The analyzer also warns if there are volatile variables for which no volatile annotation is given at all. If this is not an oversight, the warning can be turned off via the -no-warning-on-volatile-lvalues flag.

Tip

ACSL annotations can only use symbols that were already defined. If you are using a symbol in your annotation that is not defined or is defined in the source code after the annotation, the analyzer cannot proceed and you receive the following error:

[kernel] user error:: cannot find function '…' for volatile clause

Once replacement functions are specified and their behavior is defined, the plugin is ready for use. It is applied via the -volatile command-line flag.

$ tis-analyzer … -volatile

When the flag is set, the analyzer transforms the analyzed source code into a new project called Volatile, where volatile accesses are replaced with function calls according to the provided specification. The analyzer can then be configured to perform further analyses on the Volatile project via the -then-on sequencing option.

$ tis-analyzer … -volatile -then-on Volatile …

Tip

The modified source code of the Volatile project is not output by the analyzer. To view the modified source code (normalized), run an analysis on the Volatile project with -print:

$ tis-analyzer … -volatile -then-on Volatile -print

Or, to show only functions and variables of interest, with -print and -print-filter options:

$ tis-analyzer … -volatile -then-on Volatile -print -print-filter main,v,wr_v,rd_v

An equivalent JSON configuration is not currently supported (See Command line options).

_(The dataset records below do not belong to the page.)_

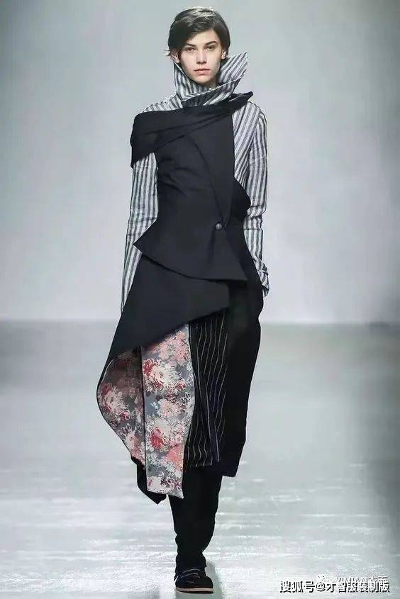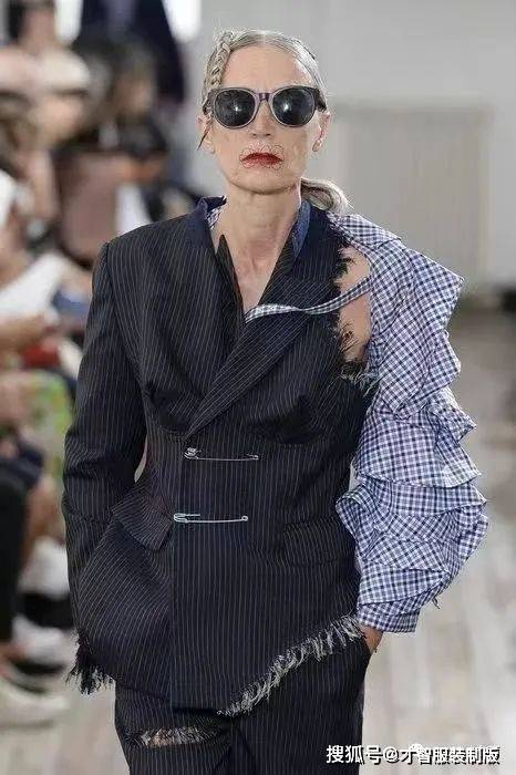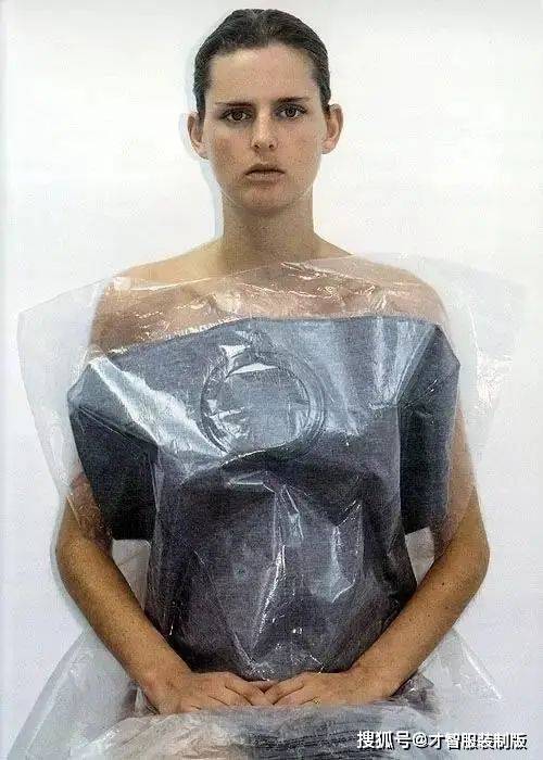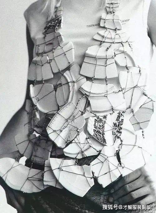 打破衣服的常规结构。增加一切无关联的元素,或减少一些原有结构。比如增加不使用于服饰的材质,或是将衣服做毛边、撕裂、破洞。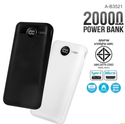 POWER BANK 20000mAh ASAKI (A-B3521) LCD อุปกรณ์สำรองไฟพกพา (Power bank) ความจุ 20000mAh.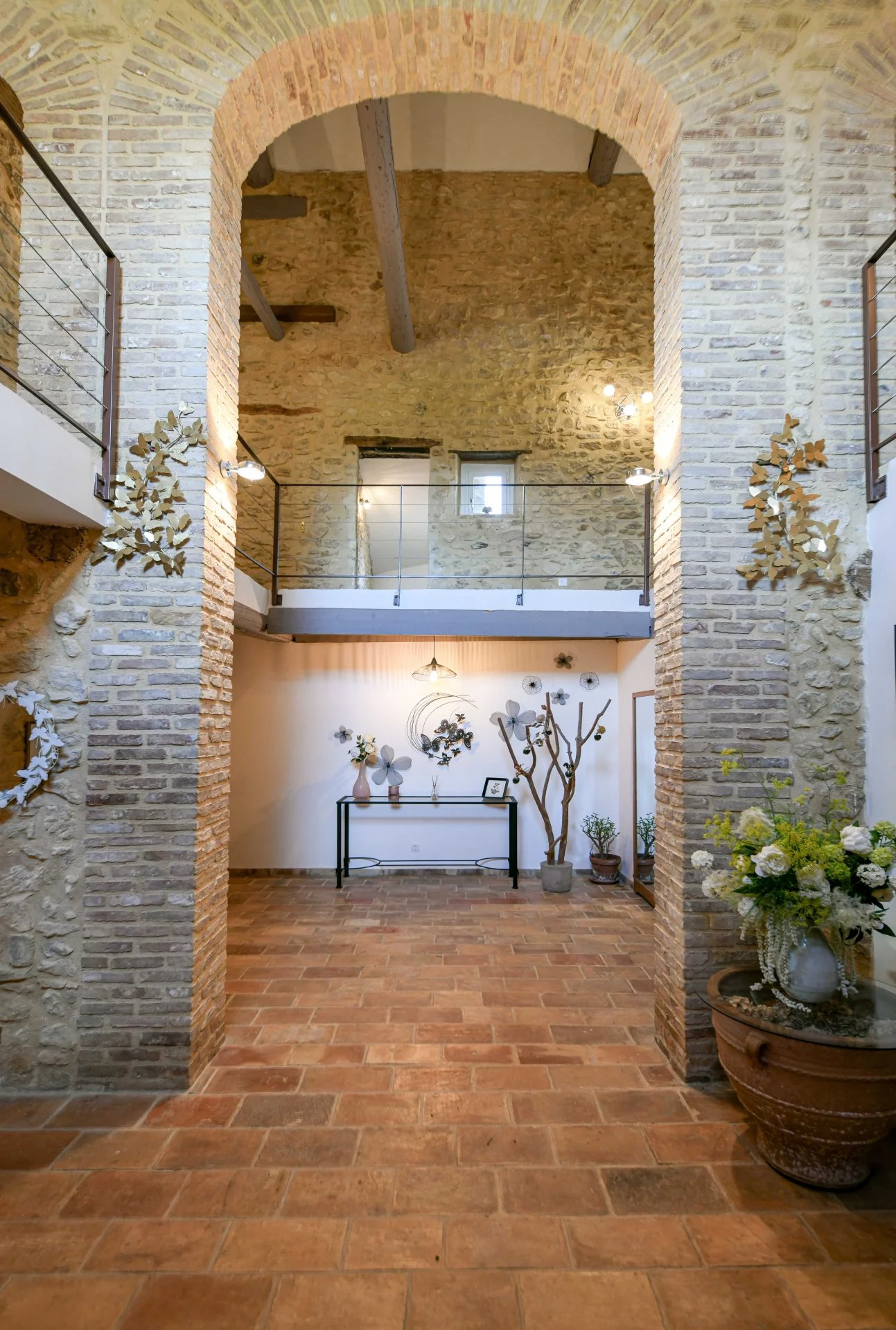 The main body of the property covers 368 m² and offers a series of living rooms covering more than 107 m² on the ground floor. The double-height entrance hall is stunning in its volume and splendour. An interior passageway overlooks it, giving it the feel of a grand historic building. On its left side, the large living room opens onto the dining room through two stone arches, followed by the fitted kitchen. Numerous windows and French windows opening onto the terrace and garden give this space a beautiful luminosity. On the other side of the entrance hall, two suites (15 and 24 m²) complete this level, along with the laundry room and guest toilet.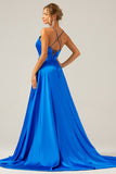 Royal Blue A Line Spaghetti Straps Satin Prom Dress with Slit
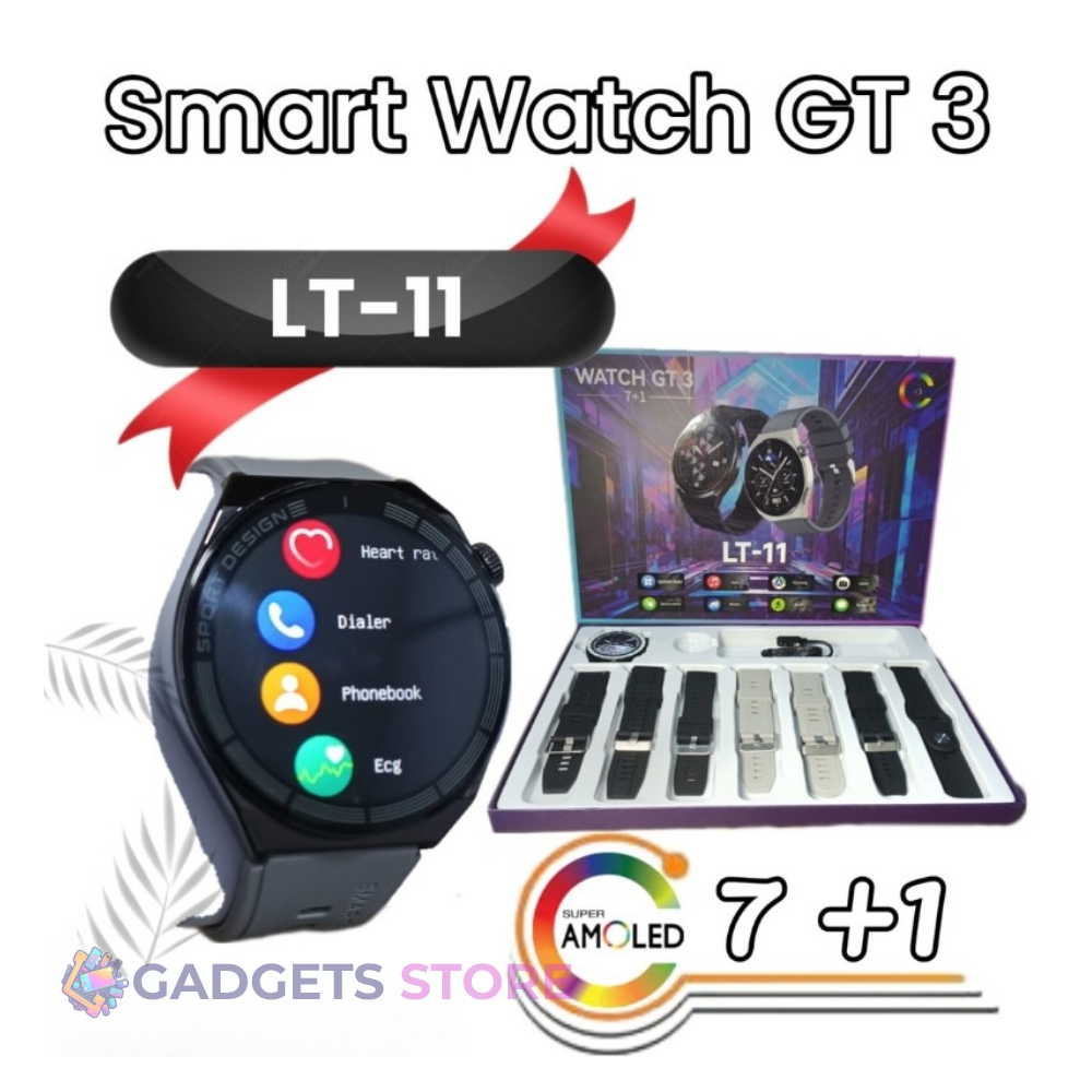 The LT-11 Smart Watch GT 3 is a stylish, high-performance smartwatch built for modern lifestyles.Its vivid HD touchscreen and Bluetooth calling feature keep you connected effortlessly.Track your heart rate, sleep, steps, and more with smart health sensors.Ideal for daily wear, fitness tracking, and staying in control on the go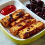 - Toast the Paneer: Arrange the marinated paneer fingers on the hot tawa and fry them until each side turns golden brown and slightly crispy, taking care to flip them gently for even cooking.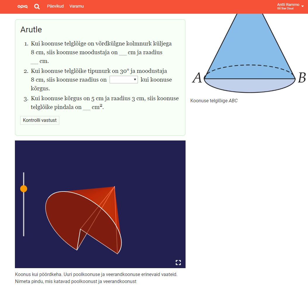 Kärt Matiisen: Et Opiqu digimaterjalides on palju pildimaterjali, tuleb hästi selgelt välja geomeetria ja stereomeetria puhul. Oleme harjunud, et geomeetriat õpitakse kehade ruumalasid arvutades, ja näinud, et õpilased on tihti hädas, sest nad ei suuda ruumilisi kehi piisavalt hästi ette kujutada. Seepärast ongi Opiqu digimaterjalides pildimaterjali mitu korda rohkem kui paberõpikus. Kui õpilased õpivad põhikoolis ruumilisi kehi tähelepanelikult vaatlema ja analüüsima, siis on see hea aluspõhi gümnaasiumis stereomeetria õppimiseks.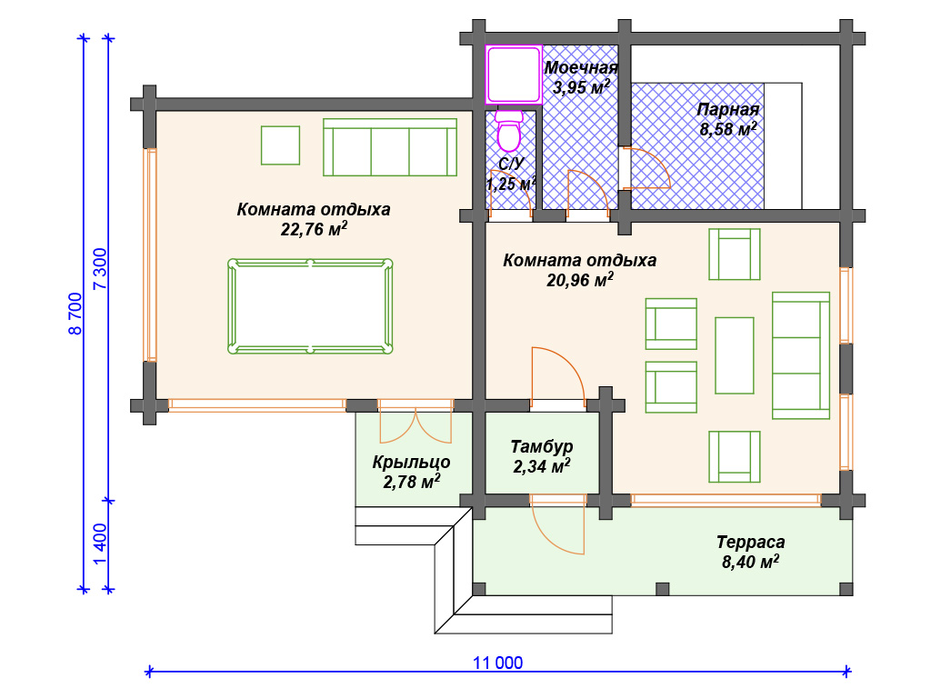 | Материал стен | оцилиндрованное бревно, профилированный брус, клееный брус |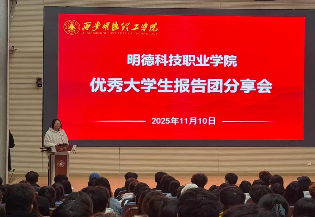 11月10日晚,beat365vip官网登录入口莲湖校区报告厅内座无虚席,一场别开生面的优秀大学生经验分享会在此举行。来自不同年级的3位优秀学生代表和天奕工作室负责人为明德科技职业学院2025级新生带来了一场内容丰富、干货满满的经验分享。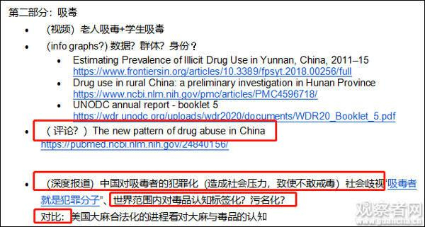 通篇大纲,都是结论先行,不难想象,依据这份大纲撰写的文章发布后,会让很多不明真相的国外网友对中国毒品问题产生根本的误解。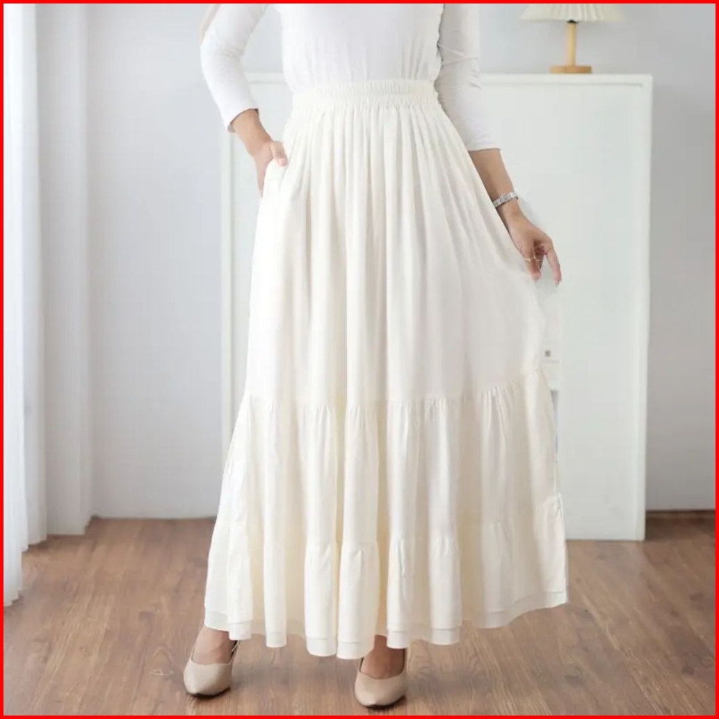Rok Flow Casual Wanita Cantik Korean Style Kain Katun Rayon Bawahan Cewek Dewasa Panjang Naomi Kawaii Skirt Japan Korean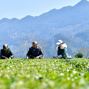 春暖茶山,春茶萌芽,茶農們采摘茶葉嫩芽,供應市場(chǎng)。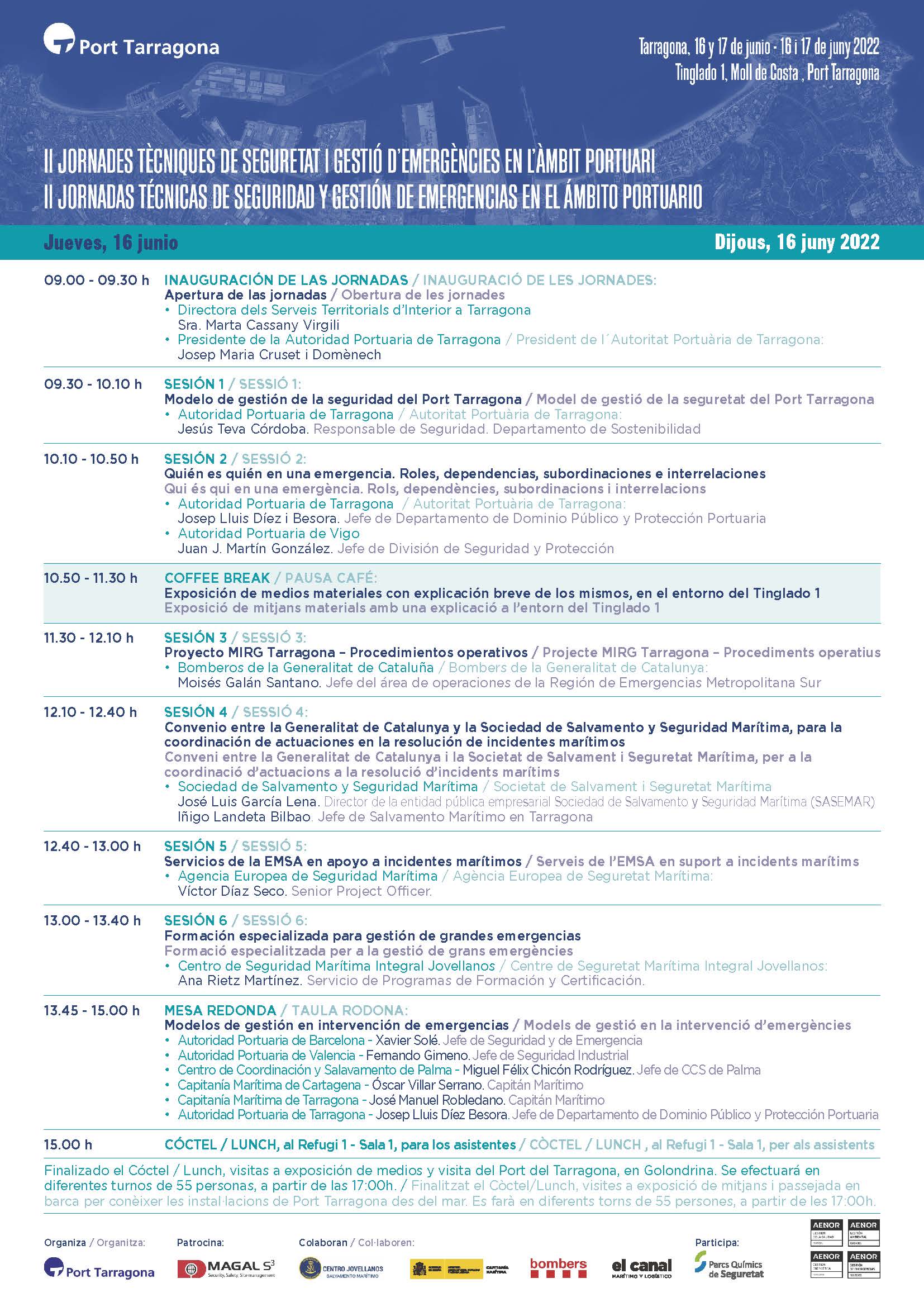 El compromís amb la seguretat i la resposta eficient davant de possibles emergències, forma part de l'estratègia de gestió del Port de Tarragona. El nostre model de gestió i coordinació entre els diferents actuants en aquest tipus de situacions és un referent i per aprofundir-hi, programem els propers 16 i 17 de juny les II Jornades Tècniques de Seguretat en l'àmbit marítim i portuari, reprenent les realitzades a la primera edició del 2019.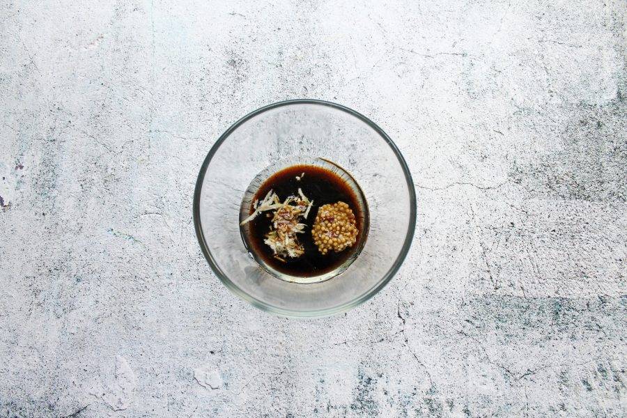 В миску влейте соевый соус, уксус, растительное масло, добавьте горчицу и измельченный чеснок, перемешайте до однородности. Салат разложите по тарелкам, заправьте заправкой и подавайте.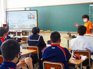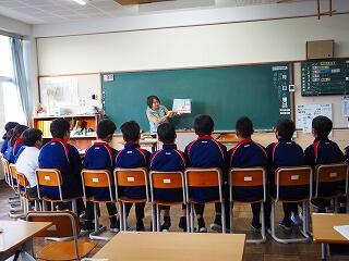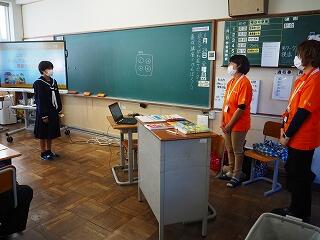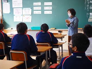 今回、1年生教室では、学級担任の先生が読み聞かせを担当されました。

Example Consider this program communicating with a peripheral device via a pair of volatile variables called port_in and port_out. The peripheral device acts as a buffer. The program writes bytes into port_out until the peripheral signals it to stop by writing 1 back to port_in, which it will do after it receives 4 bytes. Given that the actions of the peripheral device are external and obscured by the volatile variable, the example initially looks like this:

#include <tis_builtin.h>

volatile unsigned char port_out;
const volatile unsigned char port_in;
int main(void) {
    unsigned char data[] = { 0, 1, 2, 3 };
    int cursor = 0;
    while (!port_in) {
      port_out = data[cursor++];
    }
    tis_show_each("cursor", cursor);
    tis_show_each("port_in port_out", port_in, port_out);
}

Even though the programmer might have knowledge about how the peripheral device behaves, the analyzer still currently treats it as any possible value allowed by its type and emits an alarm that cursor will index the data array out of its bounds when it reaches 4:

$ tis-analyzer -val -slevel 100 volatile_example.c
tests/tis-user-guide/volatile_example.c:9:[kernel] warning: accessing out of bounds index {4}. assert tmp < 4;
                                                     (tmp from cursor++)
[value] Called tis_show_each({{ "cursor" }}, {0})
[value] Called tis_show_each({{ "cursor" }}, {1})
[value] Called tis_show_each({{ "cursor" }}, {2})
[value] Called tis_show_each({{ "cursor" }}, {3})
[value] Called tis_show_each({{ "cursor" }}, {4})
[value] Called tis_show_each({{ "port_in port_out" }}, [0..255], [0..255])
[value] Called tis_show_each({{ "port_in port_out" }}, [0..255], [0..255])
[value] Called tis_show_each({{ "port_in port_out" }}, [0..255], [0..255])
[value] Called tis_show_each({{ "port_in port_out" }}, [0..255], [0..255])
[value] Called tis_show_each({{ "port_in port_out" }}, [0..255], [0..255])

The following snippet extends the example above with a description of the behavior of the volatile variables in the form of C code.

The state of the port_out variable is simulated by two new variables: the byte last_written representing the last written value, and the integer cursor informing how many elements were written into the buffer. The behavior of port_out is described by the functions wr_port_out and rd_port_out. When a value is written to port_out, it becomes last_value, cursor is incremented. If there is no more room in the buffer the write is ignored. Reading from port_out returns the most recently successfully written value from last_value.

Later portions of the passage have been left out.